[knx] NPE when bundle is stopped

kaikreuzer commented 4 years ago

Just found this in my log:

2020-08-10 22:22:48.141 [ERROR] [calimero.link.192.168.0.5:3671      ] - send error, closing link
java.lang.InterruptedException: null
    at java.lang.Object.wait(Native Method) ~[?:?]
    at tuwien.auto.calimero.knxnetip.ConnectionBase.waitForStateChange(ConnectionBase.java:541) ~[bundleFile:?]
    at tuwien.auto.calimero.knxnetip.ConnectionBase.send(ConnectionBase.java:242) ~[bundleFile:?]
    at tuwien.auto.calimero.knxnetip.KNXnetIPTunnel.send(KNXnetIPTunnel.java:177) ~[bundleFile:?]
    at tuwien.auto.calimero.link.KNXNetworkLinkIP.onSend(KNXNetworkLinkIP.java:264) [bundleFile:?]
    at tuwien.auto.calimero.link.AbstractLink.send(AbstractLink.java:332) [bundleFile:?]
    at tuwien.auto.calimero.link.KNXNetworkLinkIP.sendRequestWait(KNXNetworkLinkIP.java:243) [bundleFile:?]
    at tuwien.auto.calimero.mgmt.TransportLayerImpl.sendData(TransportLayerImpl.java:372) [bundleFile:?]
    at tuwien.auto.calimero.mgmt.ManagementClientImpl.send(ManagementClientImpl.java:797) [bundleFile:?]
    at tuwien.auto.calimero.mgmt.ManagementClientImpl.sendWait2(ManagementClientImpl.java:824) [bundleFile:?]
    at tuwien.auto.calimero.mgmt.ManagementClientImpl.readDeviceDesc(ManagementClientImpl.java:447) [bundleFile:?]
    at tuwien.auto.calimero.mgmt.ManagementProceduresImpl.isAddressOccupied(ManagementProceduresImpl.java:310) [bundleFile:?]
    at org.openhab.binding.knx.internal.client.AbstractKNXClient.isReachable(AbstractKNXClient.java:341) [bundleFile:?]
    at org.openhab.binding.knx.internal.handler.AbstractKNXThingHandler.pollDeviceStatus(AbstractKNXThingHandler.java:148) [bundleFile:?]
    at org.openhab.binding.knx.internal.handler.AbstractKNXThingHandler.lambda$1(AbstractKNXThingHandler.java:188) [bundleFile:?]
    at java.util.concurrent.Executors$RunnableAdapter.call(Executors.java:515) [?:?]
    at java.util.concurrent.FutureTask.runAndReset(FutureTask.java:305) [?:?]
    at java.util.concurrent.ScheduledThreadPoolExecutor$ScheduledFutureTask.run(ScheduledThreadPoolExecutor.java:305) [?:?]
    at java.util.concurrent.ThreadPoolExecutor.runWorker(ThreadPoolExecutor.java:1128) [?:?]
    at java.util.concurrent.ThreadPoolExecutor$Worker.run(ThreadPoolExecutor.java:628) [?:?]
    at java.lang.Thread.run(Thread.java:834) [?:?]

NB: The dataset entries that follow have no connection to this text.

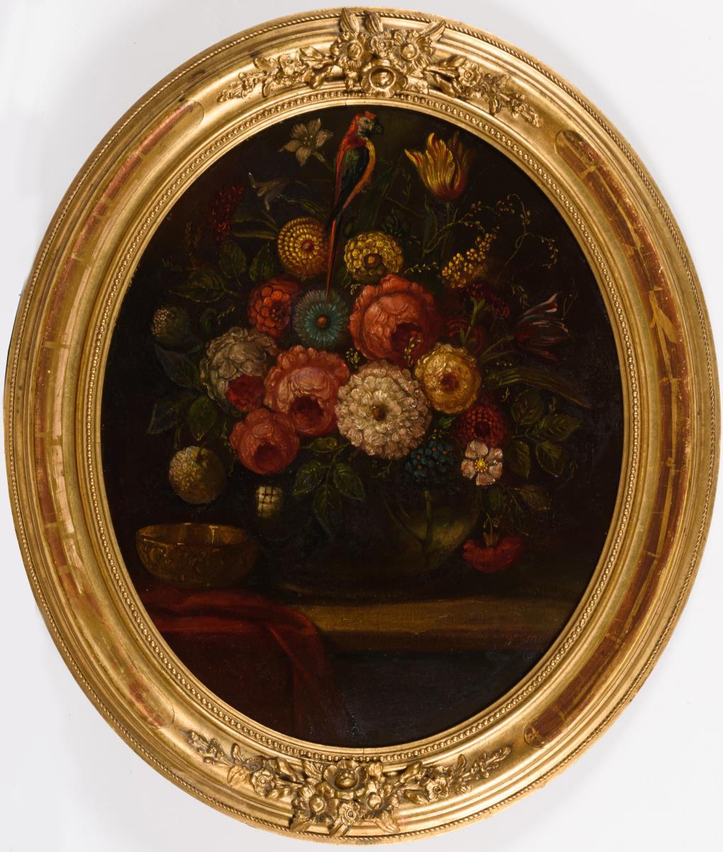 STRIEDL, H. Blumenstillleben mit Papagei Öl/Malkarton. Rechts unten signiert. Anfang 20. Jh. 55 x 45 cm. Gerahmt: 70 x 60 cm. Blumenstück im Stil der Altmeister, mit Papagei auf einem Tisch neben goldener Schale. Altersspuren..
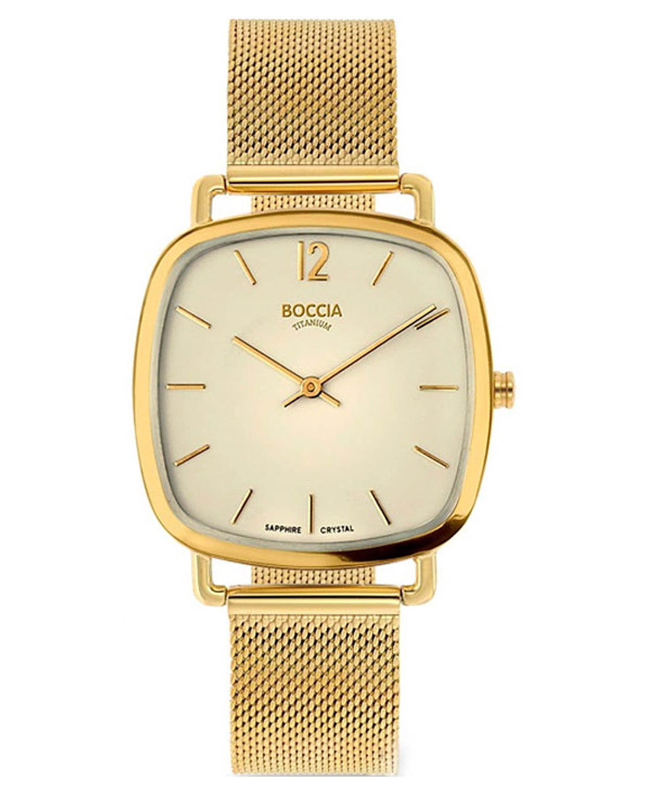 Женские немецкие титановые часы Boccia Titanium Square 3334-07, кварцевый механизм с высокой точностью. Минеральное стеклоМинеральное стеклоМинеральное стекло представляет собой искусственно выращенный минерал кварца. Такое стекло отличается особой устойчивостью к повреждениям и царапинам. Уступает по некоторым качествам сапфировому стеклу. устойчивое к появлению царапин, обладающее высокой прозрачностью. Квадратный корпус изготовлен из титана c PVDPVDУльтратонкое покрытие наносится в технике вакуумного напыления, сочетает в себе нитрид титана особой прочности со слоем золота или оксида хрома. Несёт в себе декоративную или защитную функцию. покрытием. Метки в виде штрихов. Класс водозащиты: 30 метров, позволит защитить корпус от случайных брызг или капель дождя. Стальной браслет миланского плетения c PVDPVDУльтратонкое покрытие наносится в технике вакуумного напыления, сочетает в себе нитрид титана особой прочности со слоем золота или оксида хрома. Несёт в себе декоративную или защитную функцию. покрытием на раскладной застёжкеРаскладная застёжкаТакой тип застёжки используется только на браслетах из металла. Она никогда не раскрывается полностью, происходит разделение на 2 и более частей. Раскладывающая застёжка снизит вероятность потери часов к минимуму..
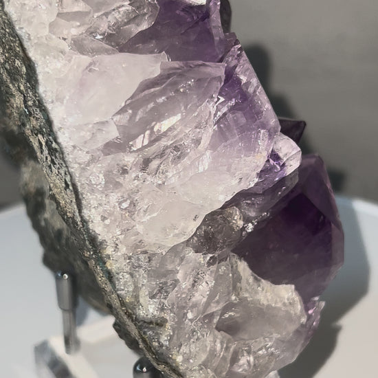 This amethyst cluster showcases chunky points that catch and reflect the light beautifully. A perfect choice for collectors, healers, or anyone drawn to the elegance and energy of amethyst.
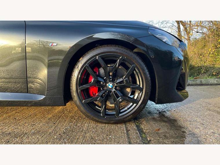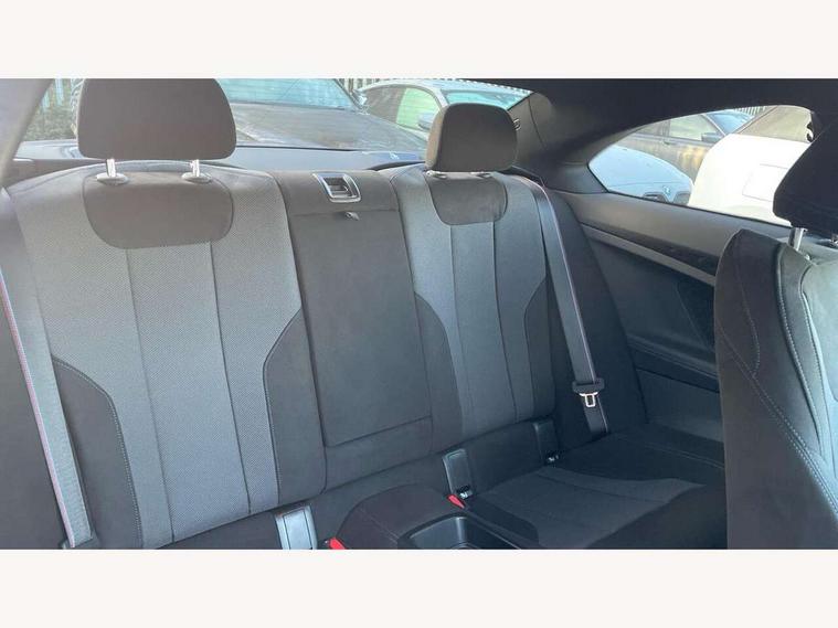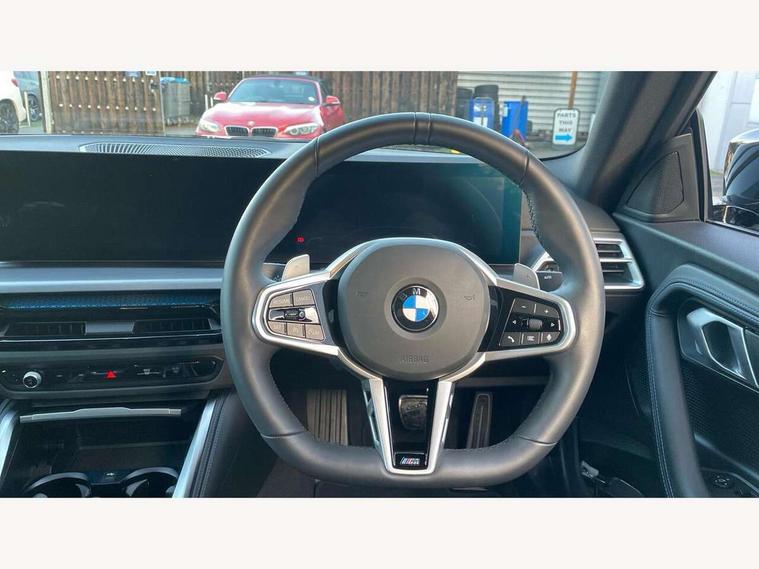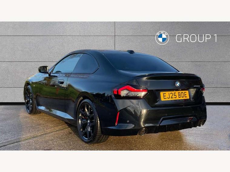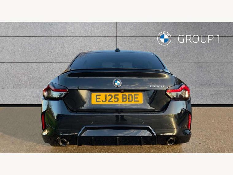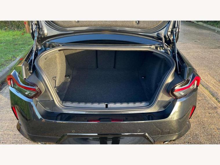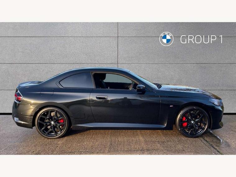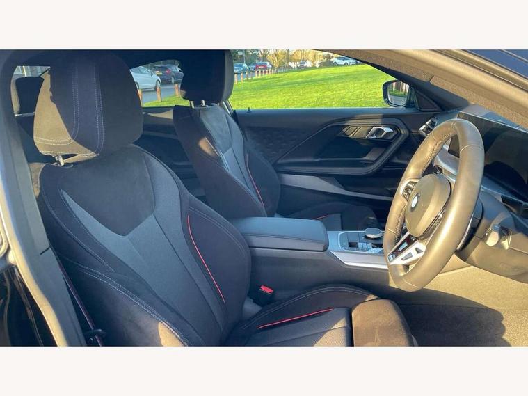 2 USB connections for charging and transferring data, Active guard plus, Attentiveness assist, Bluetooth with USB, BMW ConnectedDrive online services, BMW Intelligent Personal Assistant, BMW Live cockpit plus, BMW operating system 8 with variable, configurable widgets display information in real time, BMW Teleservices, Check Control warning system for monitoring of lights and door/luggage compartment open warning, Control Infotainment, Direct selection buttons, Drive off assistant, Eco pro mode, Electric power steering, eSim with 5G connectivity, Front and rear parking sensors, iDrive controller with turn and press function, Integrated owners handbook, Intelligent functions, Oil sensor for level and grade, Optimum shift indicator, Personal Profile, Smartphone integration, Touch operation on control display, Variable sport steering, Widescreen multi-media display, WiFi interface for wireless connection of mobile terminal devices, Aluminium lightweight construction, Balancer shaft, BMW TwinPower Turbo four-cylinder petrol engine, Double VANOS, Drive performance control with ECO PRO comfort + sport mode, Electronic differential lock, High precision injection, M sport suspension, Petrol Particulate Filter, Steptronic transmission with gearshift paddles, Twin scroll turbocharger with Valvetronic, DAB tuner, Acoustic windscreen wipers for reduced driving noise, Automatic windscreen wipers and automatic headlight, Body colour door handles flush with door surface, Body colour door mirrors, Body colour front and rear bumpers, Daytime running lights, Electric windows - front and rear, with open/close fingertip control and trap release, Exhaust tailpipes x2 - 90mm in left and right, Fading support, Front and rear bumper system with replaceable deformation elements, Front door sill finishers in black plastic with BMW designation, Front windscreen wipers with integrated washer jets, Green tinted heat protection glazing, High beam assistant, High gloss black sill, bumper trim sides and diffuser insert, High level third brake light, Indicators integrated int mirror housing, Interior rear-view mirror with automatic anti-dazzle function, LED registration plate light, LED technology rear tail lights, brake lights and turn indicators, Lightweight engineering, M high gloss shadowline, One piece kidney grille with hight gloss chrome surround, Rear boot, Rear fog lights, Reversing light in rear light cluster, Shark fin antenna, Single part LED rear lights with smoked glass components, Trailer stabilisation logic, Visible VIN plate, 12V power socket in front centre console with blanking plug, 2 cupholders in front centre console, 2 zone automatic air conditioning, Ambient lighting, Compartment in front of cupholder, Conditioned based service, English handbook, Folding rear seat head rests, Front and rear side armrests integrated into door trim, Front armrest, Front door pockets, Front head restraints, Heated front seats, Illuminated glove compartment with separate small compartment, M headliner Anthracite, M sport leather steering wheel, Manually adjustment steering wheel column, Rear seat backrest with manual 40:20:40 split folding, Rear seat centre foldable armrest with integrated cup holder, Single front passenger seat, Storage compartment between rear seats, Storage tray and compartment with cover in centre console, Sun visors with vanity mirrors and insert tab, Through loading system with 40/20/40 split folding 2 rear seat in 2nd row, Velour floor mats, Additional storage compartment pack without USB - 2 Series Coupe, Connected pack professional - 2 Series Coupe, 2 tone horn, Anti lock braking system (ABS) with cornering brake control, Automatic Stability Control (ASC), BMW emergency call, Brake drying, Child seat ISOFIX attachment for the two outer rear seats, Crash sensor activating of airbags, Unlocking doors, hazard warning lights, fuel cut off, interior lighting+activation of safety battery terminal clamp, Deactivation of fuel pump in the event of a crash, Driver and front passenger airbags, Driver and front passenger side airbags, integrated in the door side seat backrest bolsters for all seat variants, Dynamic brake control, Dynamic stability control + (DSC+), Dynamic Traction Control - DTC, Electrically operated hand brake including automatic hold function and automatic release when driving off, Front and rear disc brakes, Front centre airbag between driver and front passenger seats, Front passenger airbag deactivation, Head airbags for all 4 outer seats, PC iBrake (Post crash approach control warning with light braking function), Seat belt security check for driver and front passenger, Seatbelt warning, Side impact protection, Three point seat belts on 4 seats including front belt stopper, pyrotechnic belt tensioners and belt force limiters, Tyre pressure monitoring system, Warning triangle and first aid kit, Alarm system (Thatcham 1) with remote control and electronic engine immobiliser, Central locking switch for all doors, fuel filler cap and luggage compartment, Deadlocking function system to all doors, Drive away locking system on all doors and luggage compartment, Locking wheel bolts, Start/Stop button (illuminated) in centre console with keyless engine start and Auto Start-Stop deactivation button, Two remote control key with integrated key - one button for open and close doors/fuel flap/tailgate and separate button for unlock luggage compartment, Electrically powered 12V compressor, Reduced rolling resistance tyres, Tyre repair kit,
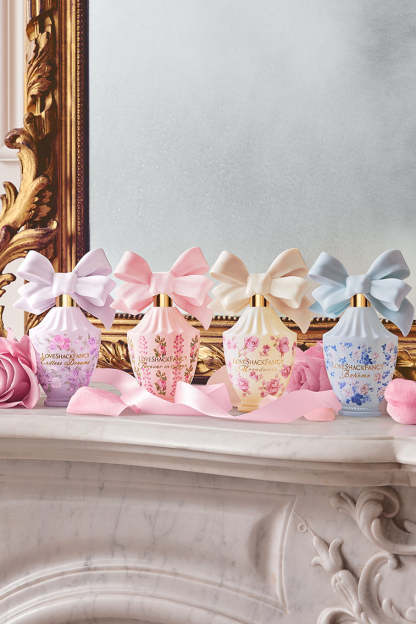 An oversized bow. perfectly imperfect. The OhMollys perfume bottle references founder Rebecca Hessel Cohen's life long love of bows and ribbons with a sculptural bow top that appears tied and tightened by hand. The Happy Thoughts print is a signature design chosen from over 2.000 in the OhMollys print and lace library to decorate the pale berry-colored bottle. a softly curved antique-inspired vessel carved with scalloping on top and a ring of rope on the bottom. Once finished. its spray top is removable so the bottle can be upcycled as a bud vase.

Instead of this exception, the thread is expected to be terminated gracefully.

J-N-K commented 3 years ago

The reason is that AbstractKNXThingHandler.dispose() calls AbstractKNXThingHandler.detachFromClient() which has the following code

if (pollingJob != null) {
            pollingJob.cancel(true);
            pollingJob = null;
        }

The pollingJob calls pollDeviceStatus which is interrupted and causes the error above (there is an Object.wait in waitForStateChange and the InterruptedException from there is finally caught in KNXNetworkLinkIP. Probably changing to cancel(false) would avoid the exception but lead to a delayed disposal, depending on the timeout of the waitForStateChange-call.

holgerfriedrich commented 1 year ago

Still there with current implementation. Needs some special handling of interruption.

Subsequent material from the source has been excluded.